Python Packaging Authority member
pfmoore commented Jan 28, 2013

One problem with a command flag is that you may want different answers for different projects, all of which may get picked up in a dependency scan. Whether this is an issue depends on how complicated you get of course (were you planning on integrating this with dependency scanning?)


Yes, ideally; baby steps my friend...

Python Packaging Authority member

No; that does look like the best long term solution. I was hoping to offer some help to the scientific community now. I will pursue a standalone script for now, and leave the rest to you, @dholth. When the PEP is accepted, I will write a workflow that helps developers create Windows wheels using Wine, similar to this. Sound like a plan?

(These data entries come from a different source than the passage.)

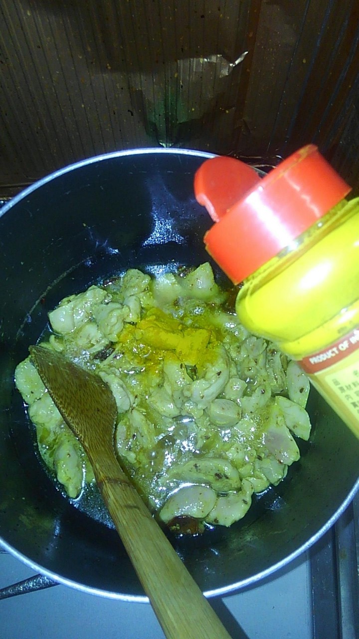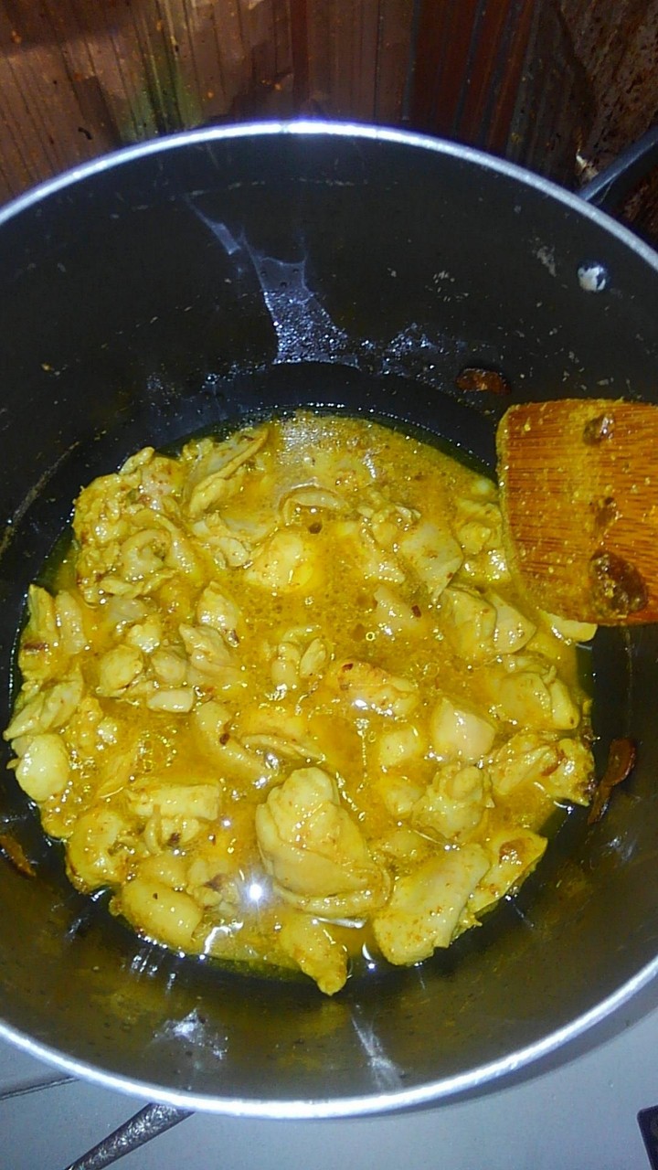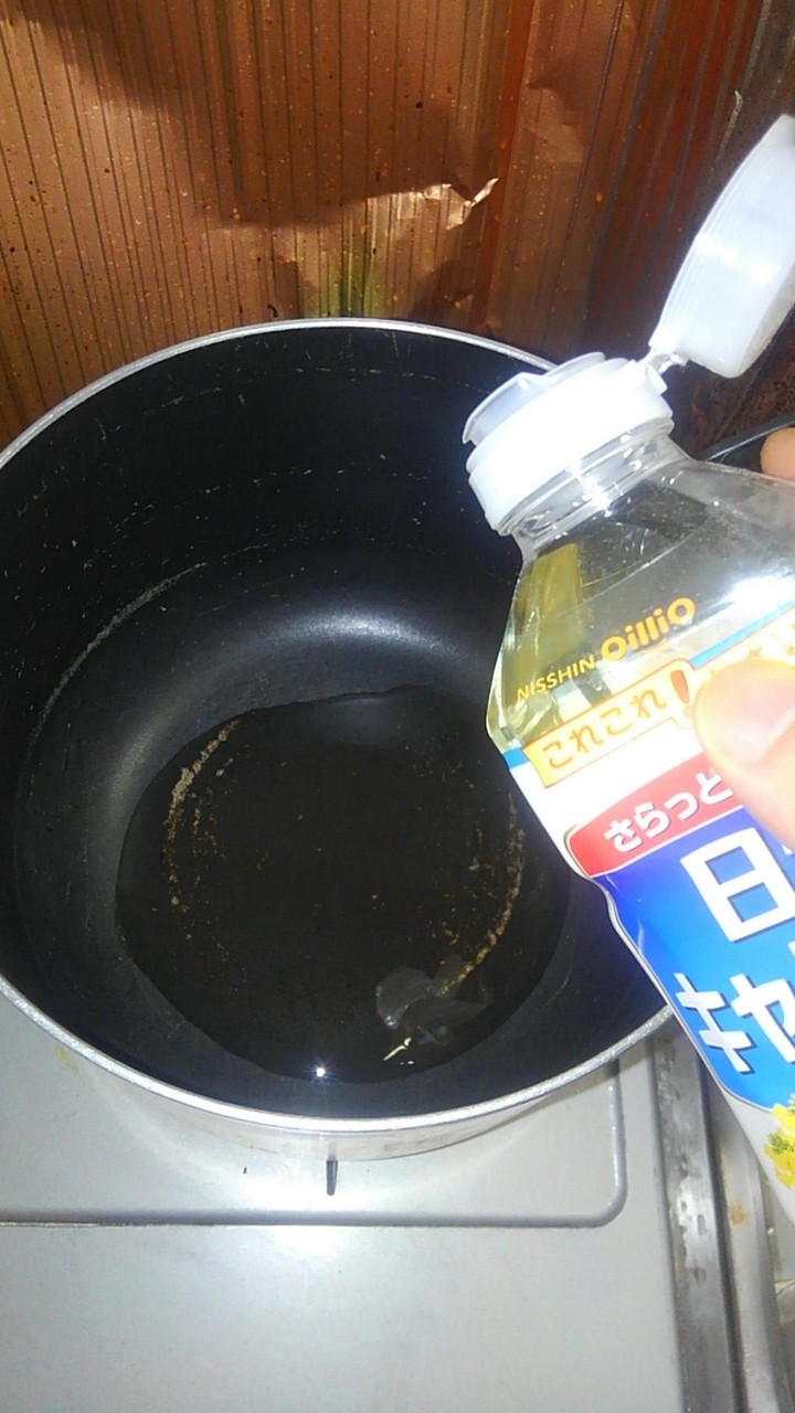 次はこの油で鶏肉炒めてくで
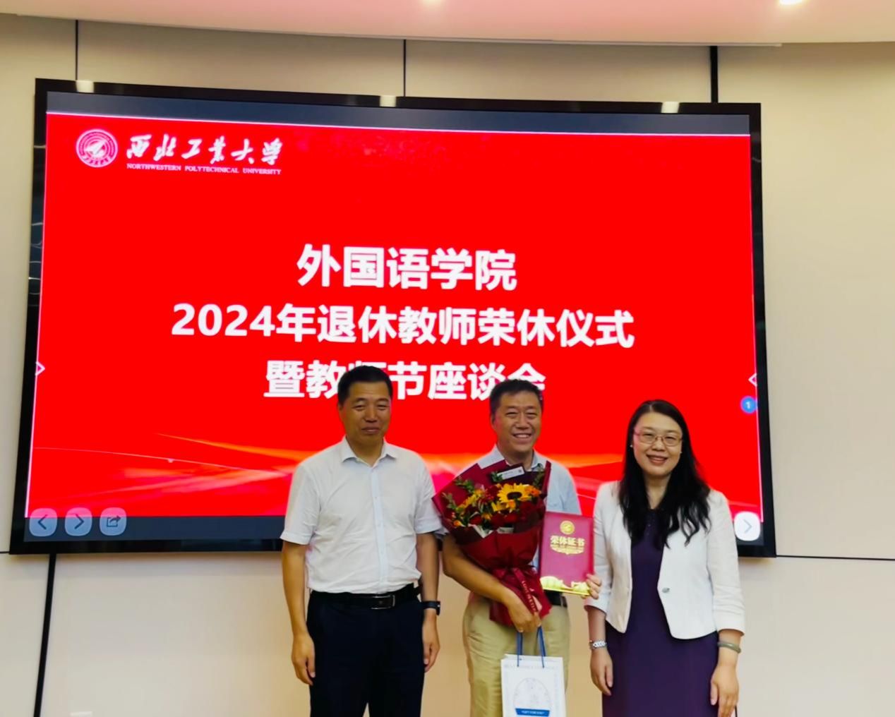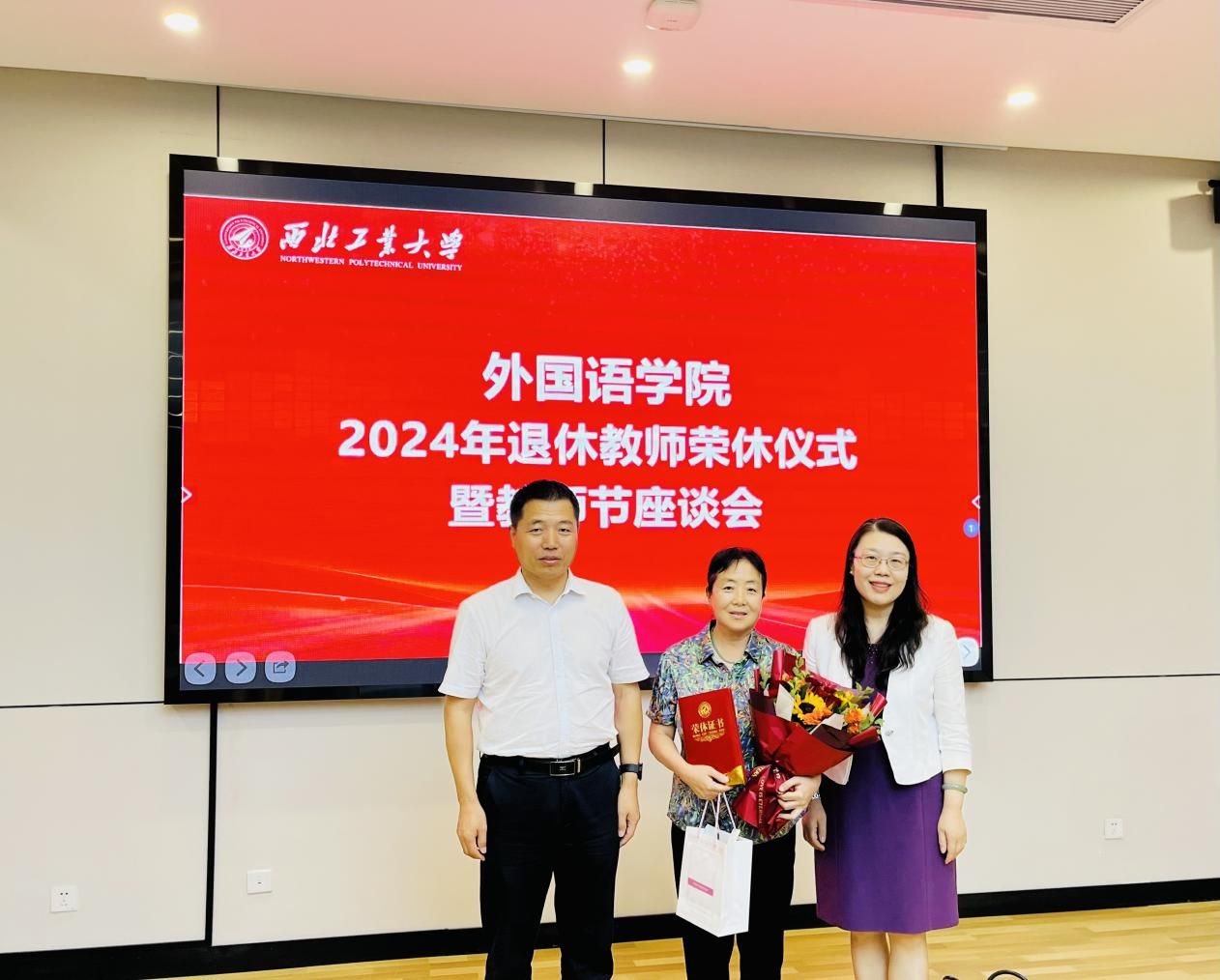 学院领导孙瑜、王高祖共同为三位教师颁发了荣休证书、青年师生则为老教师们献上了鲜花,表达了对退休教师的感激之情、敬佩之情和不舍之情。三位老师满怀深情地回忆了自己在学院的奋斗岁月,畅谈从教生涯的心得和感悟,感慨学院这些年取得的发展与进步,感谢学院和学校一直以来对他们教学科研工作的大力支持,也表达了对教育事业的热爱与不舍。他们鼓励与会青年教师不断钻研、接续奋斗,担负起育人育才的重任。
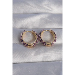 Pirinç Gold Renk Mor Etnik Desenli Halka Küpe
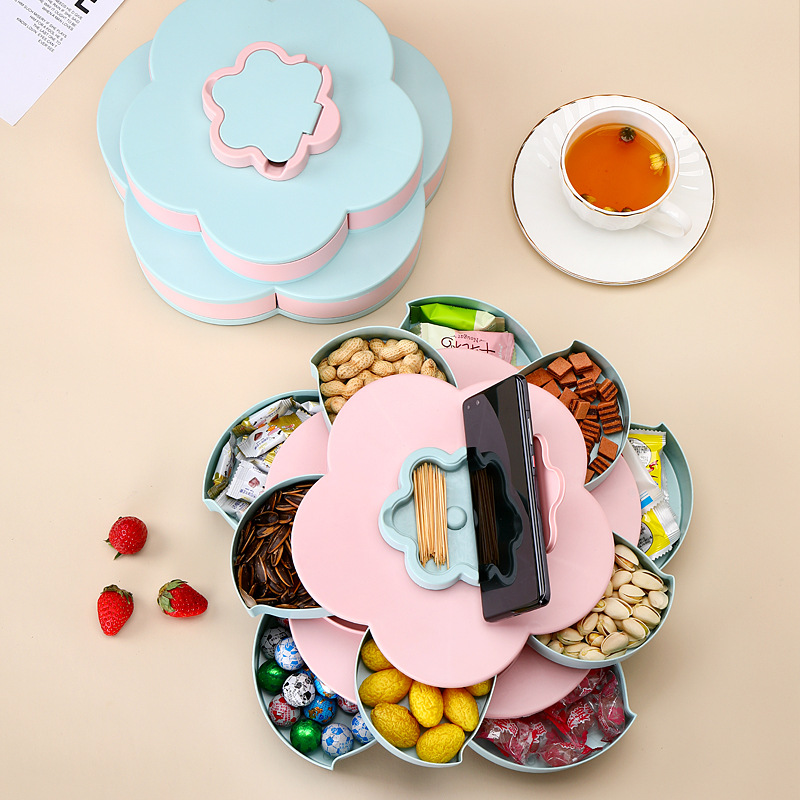 double transparent rotating fruit plate-blue

Python Packaging Authority member
pfmoore commented Jan 29, 2013

Right now, I use wheels as follows:

  • Install the wheel package (one-off requirement)
  • Use wheel convert on a wininst
  • Use wheel install on the resulting wheel file

No need for a patched pip or anything, if you don't want it.

The downsides for me are:
1. No automatic location and download of wininst files. This is not really a problem as nearly all of the wininst files I want are not hosted on PyPI anyway (they are usually from Christoph Gohlke's site)
2. No dependency tracking (not really an issue given (1)).

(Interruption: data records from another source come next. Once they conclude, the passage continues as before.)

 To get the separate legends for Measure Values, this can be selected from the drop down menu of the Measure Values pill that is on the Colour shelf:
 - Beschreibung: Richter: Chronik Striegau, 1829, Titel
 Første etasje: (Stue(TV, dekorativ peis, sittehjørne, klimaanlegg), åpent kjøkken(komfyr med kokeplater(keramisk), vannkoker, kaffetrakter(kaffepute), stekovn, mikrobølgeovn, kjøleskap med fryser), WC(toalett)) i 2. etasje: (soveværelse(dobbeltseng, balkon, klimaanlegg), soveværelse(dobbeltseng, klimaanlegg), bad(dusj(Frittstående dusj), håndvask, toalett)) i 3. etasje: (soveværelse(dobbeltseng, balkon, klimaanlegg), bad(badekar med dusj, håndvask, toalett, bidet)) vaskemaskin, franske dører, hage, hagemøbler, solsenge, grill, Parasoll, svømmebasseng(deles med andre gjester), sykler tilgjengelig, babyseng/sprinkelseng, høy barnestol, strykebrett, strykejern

That may or may not be a helpful workflow for you. Going forward, documentation of now to create wheels (which need not be just for Windows, btw!) would be excellent. Building on Christoph's site, it would also be good to look at how to better integrate 3rd-party builds of projects into the pip/PyPI infrastructure. Maybe simply having a separate site that presents the PyPI API but offers to host 3rd-party builds would be suitable. (But I'm getting way off topic now...)


Imagine a web service that can build wheels for all platforms, allowing developers to run one command and spit out all of the necessary files to pypi. Imagine a cross-platform GUI for pip where you choose your environment from a dropdown (including virtualenv), and manage your packages, seamlessly pulling wheels from pypi. Oh the glory...

Python Packaging Authority member
dstufft commented Jan 30, 2014

I don't believe pip is going to be getting support for installing from wininsts. Since the time this ticket was active Wheel has been accepted and integrated into pip.